<<<<
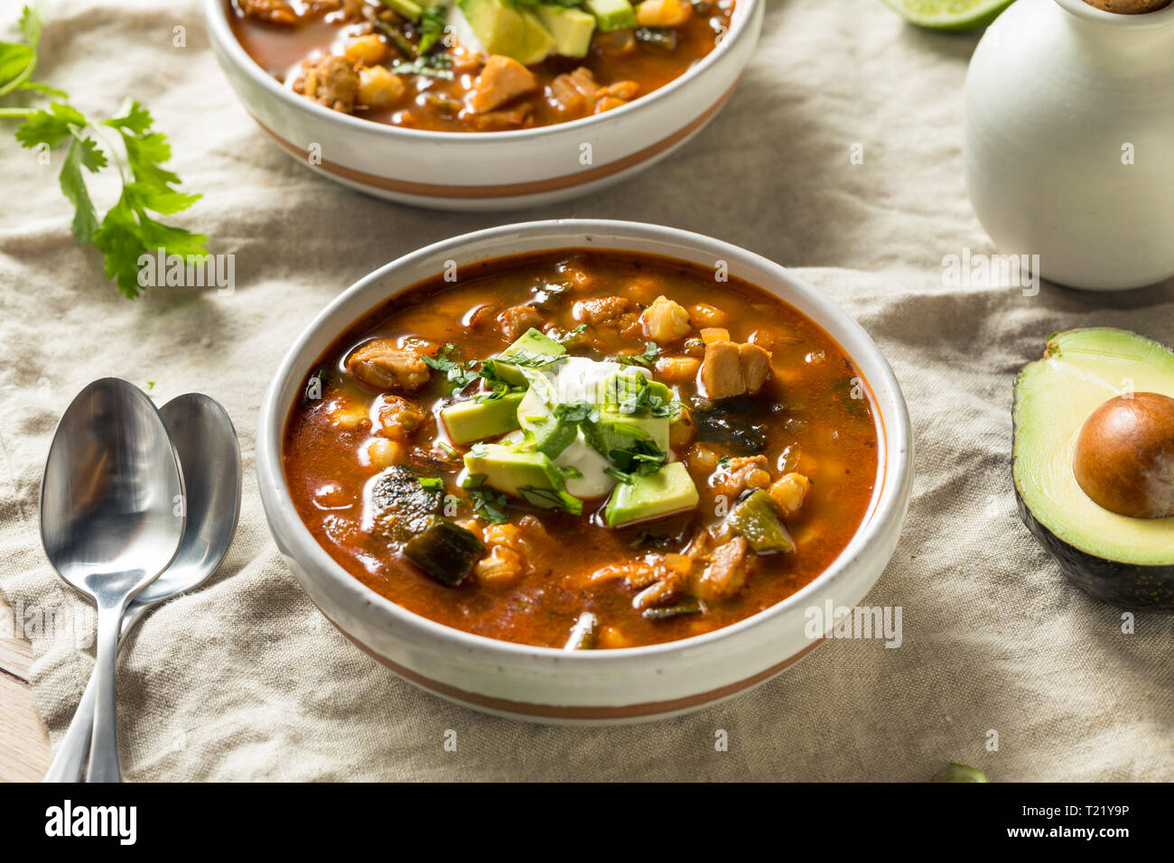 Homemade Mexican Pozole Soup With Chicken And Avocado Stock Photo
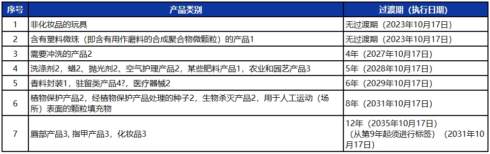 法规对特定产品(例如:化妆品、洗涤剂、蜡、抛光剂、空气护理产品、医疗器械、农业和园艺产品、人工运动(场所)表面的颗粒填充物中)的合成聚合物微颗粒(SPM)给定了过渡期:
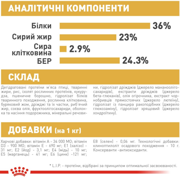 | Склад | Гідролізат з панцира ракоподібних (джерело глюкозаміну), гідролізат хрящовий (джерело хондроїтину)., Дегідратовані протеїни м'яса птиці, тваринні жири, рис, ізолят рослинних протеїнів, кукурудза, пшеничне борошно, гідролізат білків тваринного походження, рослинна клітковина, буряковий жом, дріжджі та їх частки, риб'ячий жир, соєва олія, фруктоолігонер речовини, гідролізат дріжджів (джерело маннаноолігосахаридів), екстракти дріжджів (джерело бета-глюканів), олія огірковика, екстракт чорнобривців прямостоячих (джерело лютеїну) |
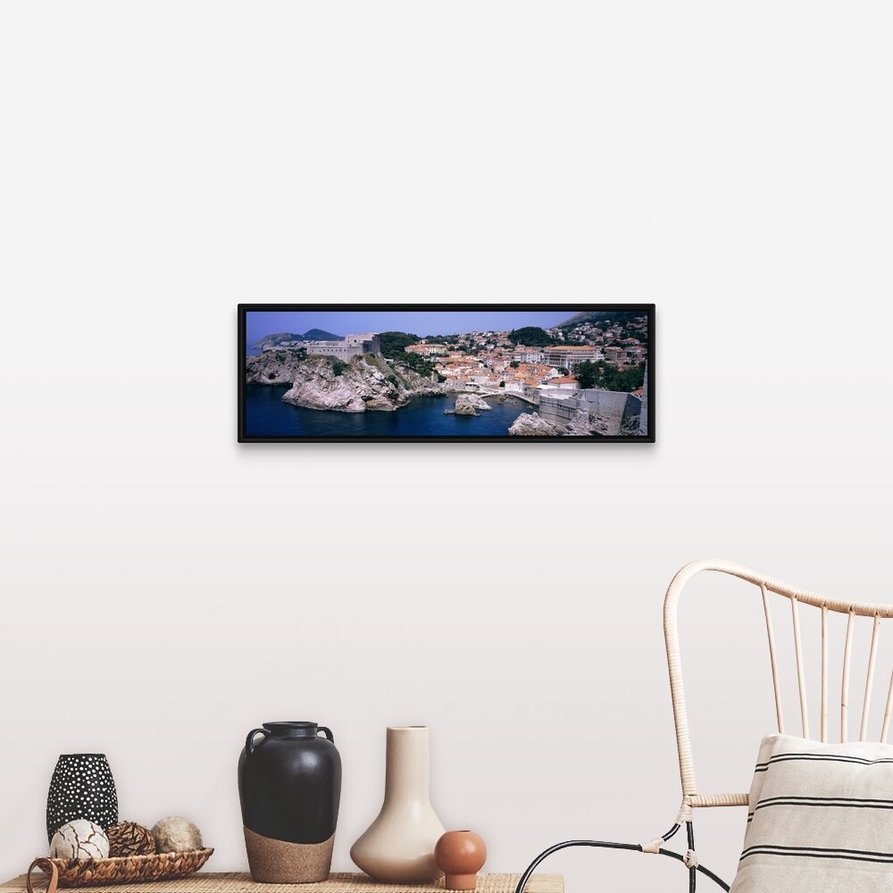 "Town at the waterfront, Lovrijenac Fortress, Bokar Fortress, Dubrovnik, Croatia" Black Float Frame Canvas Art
>>>>
(WHAT YOU WILL DO): In the material above, the stretch from the line with "法规对特定产品(例如:化妆品" through the line with "(джерело лютеїну) |" is to be given again exactly, minus the pictures.

(EXERCISE SOLUTION):
 法规对特定产品(例如:化妆品、洗涤剂、蜡、抛光剂、空气护理产品、医疗器械、农业和园艺产品、人工运动(场所)表面的颗粒填充物中)的合成聚合物微颗粒(SPM)给定了过渡期:
 | Склад | Гідролізат з панцира ракоподібних (джерело глюкозаміну), гідролізат хрящовий (джерело хондроїтину)., Дегідратовані протеїни м'яса птиці, тваринні жири, рис, ізолят рослинних протеїнів, кукурудза, пшеничне борошно, гідролізат білків тваринного походження, рослинна клітковина, буряковий жом, дріжджі та їх частки, риб'ячий жир, соєва олія, фруктоолігонер речовини, гідролізат дріжджів (джерело маннаноолігосахаридів), екстракти дріжджів (джерело бета-глюканів), олія огірковика, екстракт чорнобривців прямостоячих (джерело лютеїну) |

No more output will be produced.